My argument is, the universe is a romantic one because it's a fundamentally good one. The player sees this through Shepard's interactions with the galaxy, but only because Shepard is the only viewpoint they have, I think. Now, as you've pointed out, it's not a perfectly good universe, and it couldn't be. There's no way that you could tell a story with any sense of drama if nobody was bad.Earlier you said the the world is a romanticised sci fi universe because people left alone would be good, I then pointed out that even prior to the reapers it was hardly a place were everyone was committed to being excellent to one another...the later you backtracked to say they needed shepard's guidance to be good or something like that, to be honest you really lost me with your argument on how its a romantic or idealized universe simply because Shepard wants or makes people work together.

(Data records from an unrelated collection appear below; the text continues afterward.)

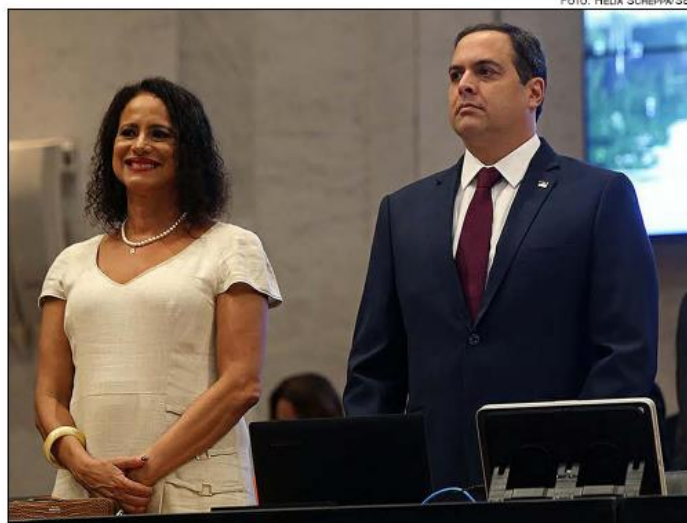
LUCIANA SANTOS E PAULO CÂMARA iniciam, hoje, um novo Governo no Estado
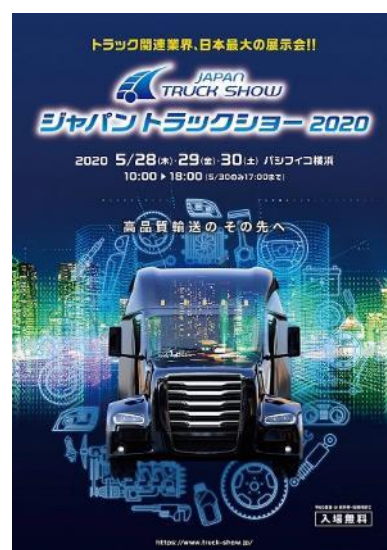
※ジャパントラックショー2020 ポスターイメージ

ジャパントラックショー2020のキービジュアルは、今回のテーマである「高品質輸送のその先へ」を、トラック輸送を支える多彩なパーツをまとめて未来へ発信するトラックをイメージしてデザインしました。
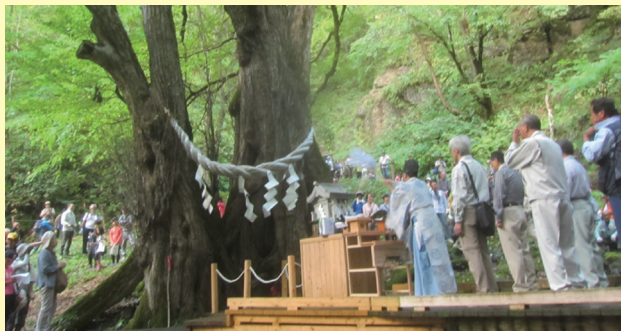
縁桂森林(もりもり)フェスティバル

なお、縁桂を訪ねる際には、地域の熊出没情報などを確認いただき、熊よけ鈴等を持って複数人で行動するようお願いいたします。
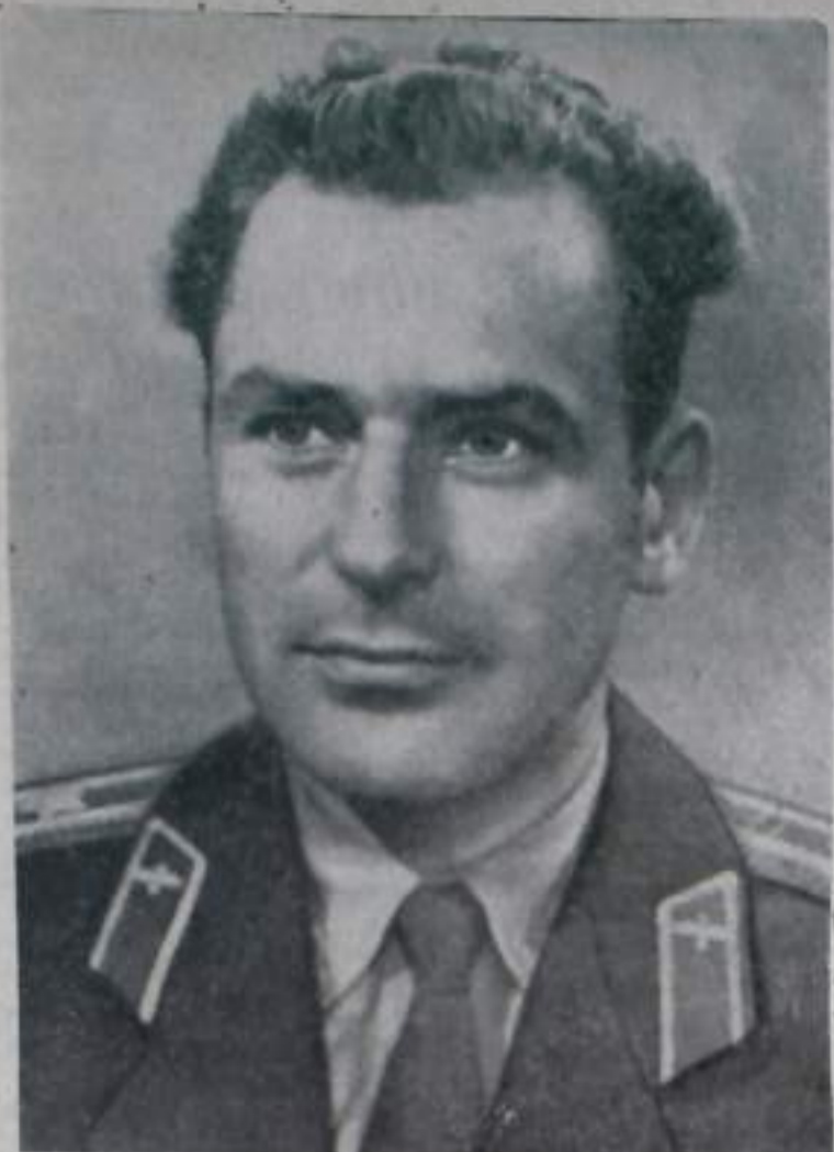
Летчик-космонавт майор Герман Степанович Титов — пилот космического корабля «Восток-2».

№ 96 (1217) ПЯТНИЦА 11 АВГУСТА 1961 г. Цена 2 коп.

The original reason we began debating Space Opera versus anything else is the nature of whether or not we were right to be surprised by the ending, and whether or not it could be considered a tone shift.
I find you mentioning the PA article pretty funny, because his strip is pretty much (in PA's eyes anyway) what the hold the liner's are demanding. The icecream because it is sweet and happy and few people would complain about getting ice cream. The segway because its for lazy people that can't even bother to walk between two points. And the cake for well...obvious reasons. It is definatly insulting, but you thinking that the strip's is nothing but a fantasticly ridiculous ending they dreamed up to be funny underlines the issue that the ones who dislike the ending have difficulty interpreting fiction at anything other than face value.
I didn't put nearly as much thought into the PA strip as you did. To me, it was simply a series of ridiculous surrealisms, which is what I associate with PA. I didn't take it to be insulting, so much as a knwoing elbow to the ribs of the opposition, because I believe that's the stance that Gabe and Tycho have taken- they liked the ending, but they understood why other people didn't, and they were okay with people asking for a new one.
Let's finish up the the reliability of the Star Child. Yeah, it's perfectly acceptable to assume the villain's lying. But, on the other hand, most villains rarely capitalize on this. The fact that, basically most of the time in fiction you can depend on the information you get from a villain to be accurate only serves to underscore the times where they don't. I'm thinking that scene from Dark Knight, where Joker deliberately swaps the addresses he gives Batman. The audience assumes what they're being told is, to some degree, the truth, and this extends to villains, and it's why we can have things like twist endings.
That being said, for all that there's a bunch of literature, now, on why someone's pulling a fast one on Shepard, none of it involves the Reapers actually lying to her. It's her own perceptions that's she getting screwed over by. The Reapers will mislead you, and they'll neglect to mention things you might've wanted to know, but when they're under the gun, they're pretty straightforward about what they're doing, and how they plan on doing it.
The lack of an epilogue really comes into play here, to. Star Child could be lying. Star Child could be a manipulative little ****. We don't know, because we don't really know what happens next. But beyond Shepard perceiving things incorrectly, there isn't anything to suggest Star Child is doing anything other than tell the truth as it knows it, just like all the Reapers do.
So, here's the final thing. An unreliable narrator, as I've said, is a great convention. When it's established ahead of time. A villain who has no reason to lie, no real foreshadowed intention of lying, and no foreshadowed evidence of existence before the final moments, who turns out to be lying, isn't an unreliable narrator, or even a villain acting like a villain ought. It's a twist Vince Russo writes.